WASHINGTON (Reuters) - U.S. retail sales rose strongly in May as Americans bought automobiles and a range of other goods, even as they paid more for gasoline, suggesting that economic growth was gaining steam despite a sharp slowdown in job creation.
Other data on Tuesday hinted at a steady build-up of inflation pressures, with import prices recording their largest increase in just over four years in May as the drag from a strong dollar and lower oil prices fades.
“As has been the case in the prior two years, the modest first-quarter disappointment in consumer spending now appears to be a short-lived soft patch,” said Michael Feroli, an economist at JPMorgan in New York. “This number also lends credence to the idea that the big miss on May payrolls may have been sending an overly pessimistic signal on growth.”

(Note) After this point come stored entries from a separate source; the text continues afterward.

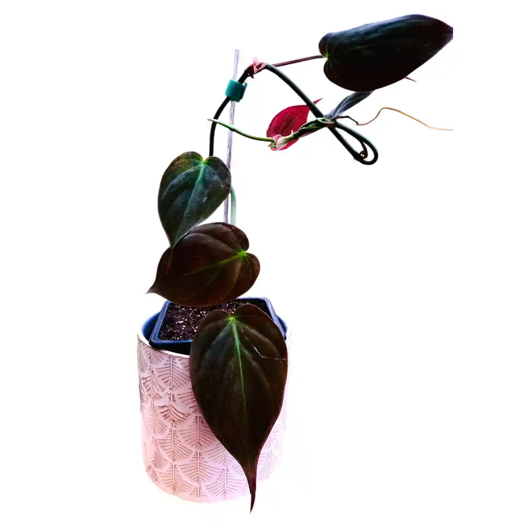 Philodendron Micans. \n \nAñade un toque de lujo aterciopelado a tu hogar con este impresionante Philodendron Micans (también conocido como Philodendron hederaceum Micans). Sus hojas en forma de corazón son suaves al tacto y tienen una textura casi acolchada, con un brillo iridiscente que cambia de tonos verde oscuro a ricos púrpuras o bronces según la luz. Es una planta de interior muy apreciada por su facilidad de cuidado y su crecimiento colgante o trepador, ideal para estanterías altas o para guiar en un tutor. \n \nGuía Rápida de Cuidados: \n \nLuz: Prefiere luz brillante e indirecta o semisombra nunca exponer al sol directo, ya que quemaría sus hojas. \n \nRiego: Regar cuando la primera capa de sustrato esté seca. \n \nHumedad: Lo ideal para todas las plantas tropicales tener un 60% de humedad como promedio. \n \nTip Plantlovers: Mantén sus hojas limpias para que tu plantita crezca con más fuerza. \n \n \nPlanta tóxica, no es Petfriendly 🐶🐱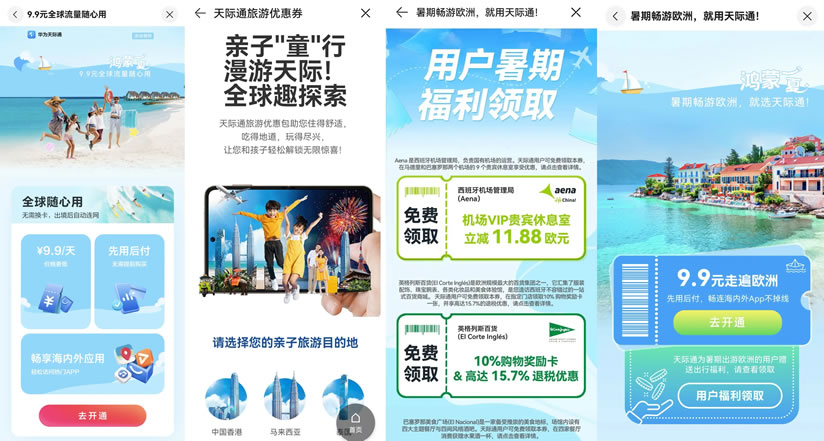 暑期,天際通為計(jì)劃出境游的用戶特別推出了“全球隨心用”活動(dòng),境外流量9.9元包天,每天有5GB高速流量,活動(dòng)覆蓋港澳、新馬泰、日韓、歐洲、澳大利亞、美國(本土地區(qū))等50個(gè)國家地區(qū),多重優(yōu)惠讓境外出行更劃算。華為天際通還為出行亞洲、歐洲的用戶提供了多地旅游優(yōu)惠權(quán)益,涵蓋機(jī)票酒店、旅游景點(diǎn)、吃喝玩樂等各個(gè)方面,更多精彩等你來發(fā)現(xiàn)!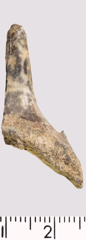 Зуб (фрагмент). Акула. Scapanorhynchus gigas Woodward, 1889. Классификация: Хордовые Chordata, Позвоночные Vertebrata, Хрящевые рыбы Chondrichthyes, Пластиножаберные Elasmobranchii

The Commerce Department said retail sales increased 0.5 percent last month after surging by an unrevised 1.3 percent in April. The second straight month of gains boosted sales 2.5 percent from a year ago. Excluding automobiles, gasoline, building materials and food services, retail sales rose a solid 0.4 percent last month after an upwardly revised 1.0 percent increase in April.

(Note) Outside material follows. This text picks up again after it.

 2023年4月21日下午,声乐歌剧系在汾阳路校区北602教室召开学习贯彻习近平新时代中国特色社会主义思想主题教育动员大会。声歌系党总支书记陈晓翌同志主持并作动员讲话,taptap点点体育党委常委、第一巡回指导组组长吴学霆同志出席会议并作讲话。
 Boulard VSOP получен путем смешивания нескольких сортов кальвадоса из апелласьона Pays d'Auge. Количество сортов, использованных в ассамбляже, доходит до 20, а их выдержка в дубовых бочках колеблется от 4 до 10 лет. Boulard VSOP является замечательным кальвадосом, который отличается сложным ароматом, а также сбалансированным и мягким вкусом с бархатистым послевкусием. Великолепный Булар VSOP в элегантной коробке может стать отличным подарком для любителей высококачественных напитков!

These so-called core retail sales correspond most closely with the consumer spending component of gross domestic product. They were previously reported to have risen 0.9 percent in April. Economists had forecast both overall retail and core sales gaining 0.3 percent last month.
In a separate report, the Labor Department said import prices increased 1.4 percent last month, the largest rise since March 2012, after advancing 0.7 percent in April. In the 12 months through May, import prices fell 5.0 percent, the smallest decline since November 2014.
The dollar’s surge and a plunge in oil prices between June 2014 and December 2015 had dampened inflation. But with the dollar weakening 1.5 percent against the currencies of the United States’ main trading partners this year and oil prices near $50 per barrel, that drag is starting to lift.
The signs of fairly healthy domestic demand and rising imported inflation will likely be welcomed by officials at the Federal Reserve, who convene for a two-day meeting starting on Tuesday.
While May’s weak employment report has all but ruled out an interest rate increase at this meeting, the steady flow of upbeat economic reports keeps a hike in July on the table. The economy added only 38,000 jobs in May, the smallest gain since September 2010.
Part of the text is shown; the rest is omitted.